### WHAT THE EXERCISE ASKS
Pictures stay out; please output the remaining data exactly.

------ GIVEN INFORMATION ------

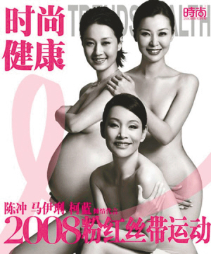 以關(guān)愛女性健康為宗旨的“粉紅絲帶行動”每年都會找一些女星來作宣傳。今年他們找來了懷胎9月的馬伊琍和陳沖、柯藍(lán)則拍攝了一組全裸照片,展現(xiàn)女性的自信和美麗。這組照片于日前公開刊發(fā)在《時(shí)尚健康》雜志上。
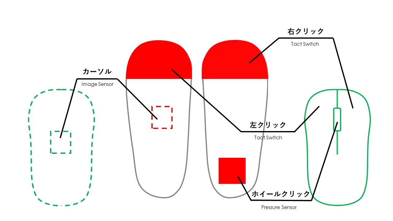 また、既存の製品でも足で使うポインティングデバイスはありますが、これらは床に設置しその上に足を置いて使うもの、有線のものとなっています。
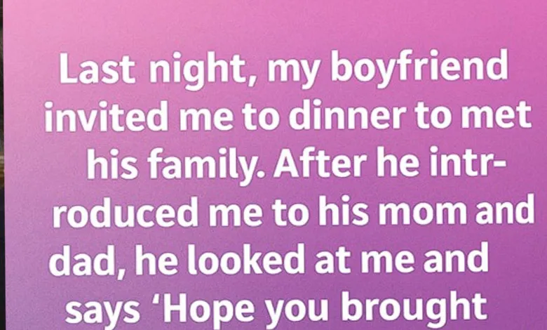 When my boyfriend invited me to dinner with his family, I spent the entire afternoon rehearsing polite greetings, practicing smiles, and agonizing over what outfit would make me look both mature and approachable. The moment we stepped inside, I was met with warm lights, the smell of roasted vegetables, and the sound of laughter coming from the dining room. His parents greeted me with enthusiastic smiles, but before I could relax, my boyfriend jokingly said, “Hope you brought your wallet.
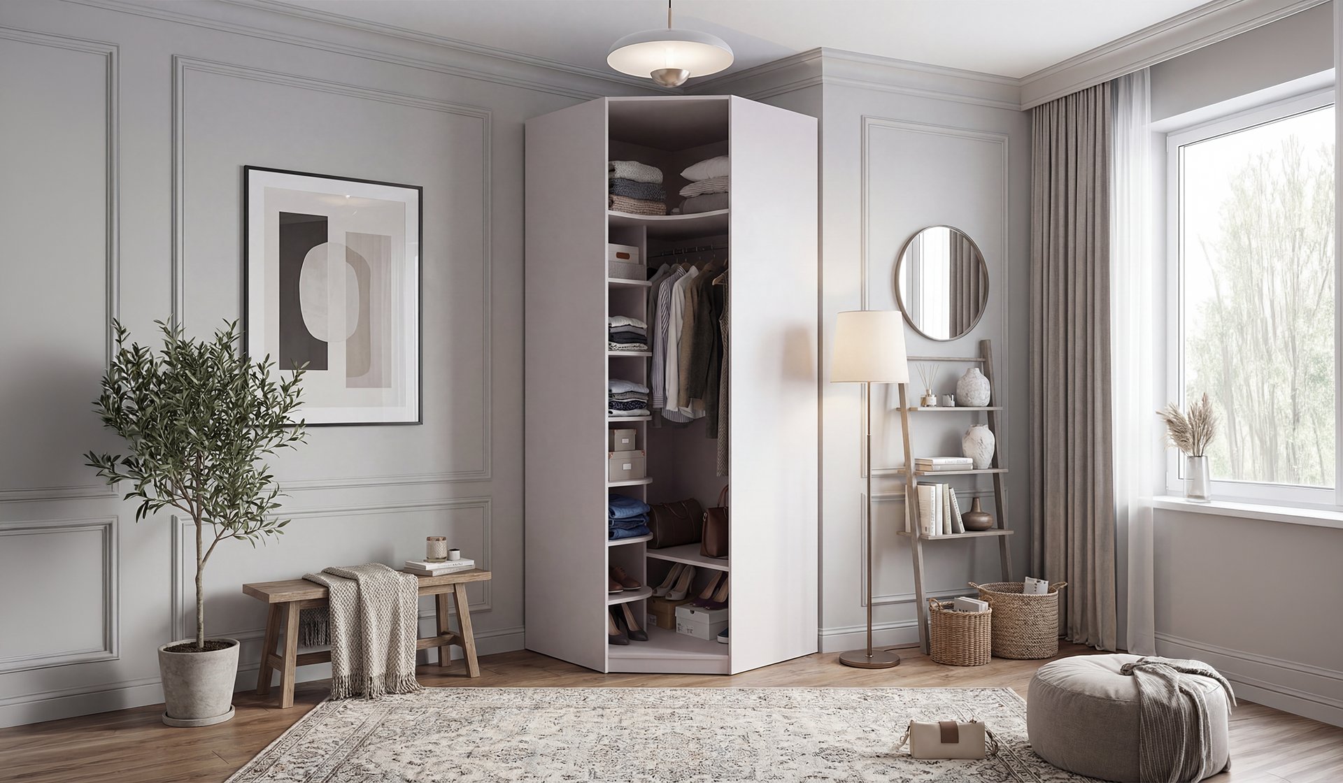 Zerre Tek Kapaklı Köşe Dolap, köşe alanlarını değerlendiren kompakt bir modüldür. Şık, fonksiyonel ve serinin tasarımına tam uyumlu çözüm.

------

### SOLUTION FOR THIS TASK
 以關(guān)愛女性健康為宗旨的“粉紅絲帶行動”每年都會找一些女星來作宣傳。今年他們找來了懷胎9月的馬伊琍和陳沖、柯藍(lán)則拍攝了一組全裸照片,展現(xiàn)女性的自信和美麗。這組照片于日前公開刊發(fā)在《時(shí)尚健康》雜志上。
 また、既存の製品でも足で使うポインティングデバイスはありますが、これらは床に設置しその上に足を置いて使うもの、有線のものとなっています。
 When my boyfriend invited me to dinner with his family, I spent the entire afternoon rehearsing polite greetings, practicing smiles, and agonizing over what outfit would make me look both mature and approachable. The moment we stepped inside, I was met with warm lights, the smell of roasted vegetables, and the sound of laughter coming from the dining room. His parents greeted me with enthusiastic smiles, but before I could relax, my boyfriend jokingly said, “Hope you brought your wallet.
 Zerre Tek Kapaklı Köşe Dolap, köşe alanlarını değerlendiren kompakt bir modüldür. Şık, fonksiyonel ve serinin tasarımına tam uyumlu çözüm.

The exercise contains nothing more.